The journey of EUnetHTA began back in 2004, when the European Commission and Council of Minsters requested the establishment of a sustainable European network on Health Technology Assessment (HTA) as “a political priority”, work on which was properly initiated in 2005 when a group of 35 organizations came together to establish EUnetHTA, with the mission being to “develop reliable, timely, transparent, and transferable information to contribute to HTA in European countries.”
As the current chair of the executive board since 2018, Dr. Niklas Hedberg, who is also chief pharmacist at TLV, Sweden’s pricing and reimbursement agency, explains, “EUnetHTA is both a network and a project, built up of Health Technology Assessment Bodies (HTAs) from across Europe. The network has answered a number of calls from the European Commission (EC) and now counts 83 partners, some of whom have been members since 2006.”
The project’s unwieldy name reflects the thorny nature of the challenges it aims to tackle. A seemingly paradoxical demand – fundamental to the project’s work, as Hedberg indicates – is ensuring that EUnetHTA provides actionable insights that do not circumvent or infringe upon national sovereignty, since each EU member makes their own pricing and reimbursement decisions. For instance, one of the key activities of EUnetHTA is the production of joint HTA reports on pharmaceuticals, medical devices and diagnostics.
In the fast-developing world of health technologies, especially under the pressure of COVID-19 but already before, there is a need for HTA to be both predictable and flexible
Hedberg expresses, “there is a thin line between producing high quality reports that can easily and readily be implemented without making them preempt national decisions. The national decision making must still be national, but the report should be ready and easy to implement.
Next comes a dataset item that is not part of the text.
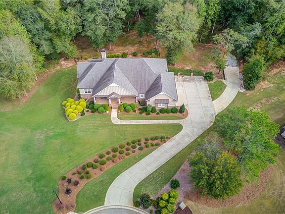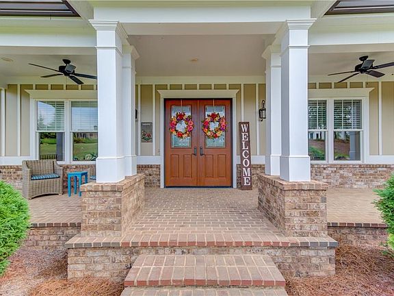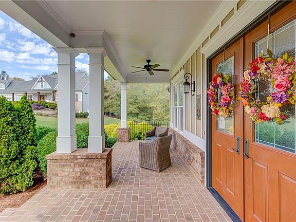 This wonderful custom ranch has a brick front porch that leads inside to the foyer with views through the living area to the back deck. With the tall coffered ceilings in the living room, wood burning fireplace, and huge open dining room, you'll be ready to host dinner. The kitchen includes substantial counter space on unique granite tops with island, butlers pantry, walk-in storage pantry, double oven, stainless farm sink, vent hood, and more! The hickory hardwood floors continue throughout the main level common areas. The master bedroom on the main includes a large bathroom with separate vanities and tiled shower and floor. Two secondary bedrooms on the main level share a jack&jill style bathroom. An open stairwell leads to an amazing terrace level with huge entertaining space along with additional living. With 10' ceilings and full daylight, you'll never feel like you're downstairs. Large living room with bar and game room leads outside to the lower patio with full privacy. A bedroom suite with full bathroom and shower contains another flex room that can be a bedroom, office, craft room, or workout area. There are multiple unfinished areas for additional storage or other use. This cul-de-sac lot provides easy access to the 2+ miles of neighborhood greenspace trails along the Mulberry River. But wait, there's more... a community clubhouse, pool, pickleball courts, 2 fishing ponds, 125+ acres of greenspace, and equestrian barn/pasture/riding ring. This neighborhood is truly a special place. Buyers please note the home next door is also for sale offering a unique opportunity for family & friends.

Without this, the value of the joint work becomes questionable.”
What complicates the matter further is that for the past three years, EUnetHTA has in a sense been working towards its own demise. In 2017, the European Commission developed a proposal on the future European model for HTA, and as Hedberg anticipates, “it seems that during the end of the German presidency (July-December 2020) and the beginning of the Portuguese presidency (January-June 2021), an agreement will be struck about which HTA regulation Europe will adopt in the future. That means that the project base and the joint action base might eventually come to an end.”
But he is hopeful that “the network will remain, where we have a pool of participating agencies, communication and information exchange, interaction, and mutual learning”, adding that “the general idea of a joint work on HTA is not under debate. Almost all partners are agreeing that we should increase our efforts on joint work.”
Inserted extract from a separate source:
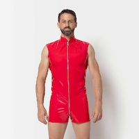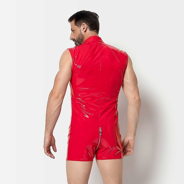 Scharfer Combishort für Ihn aus rotem Lack mit Stehkragen. Der 3-Wege-Reißverschluss führt durch den Schritt.

Recapping some of the highlights of EUnetHTA’s work, Hedberg lists, “EUnetHTA has a work package on evidence generation where the HTA bodies have provided an opportunity for early dialogues to the pharma developers. There is also a work stream for post-launch evidence data generation and in this work EUnetHTA has rolled out a number of pilots for evidence generation and has developed a quality tool for evaluating quality and relevance for quality registers.” He also added, from his national perspective, “TLV has worked with RWE for a number of years and we have started to utilise new or untraditional kinds of evidence.
Even if EUnetHTA ceases to exist in its current form in a couple of months, the importance of HTA within the EU will not fade, even though Hedberg does not expect the creation of a new EU HTA agency in the model of the European Medicines Agency (EMA). It is also clear that HTA will remain a challenging issue for the bloc, even after the establishment of an EU-wide HTA regulation, since “in the fast-developing world of health technologies, especially under the pressure of COVID-19 but already before, there is a need for HTA to be both predictable and flexible. Unexpected things happen all the time.”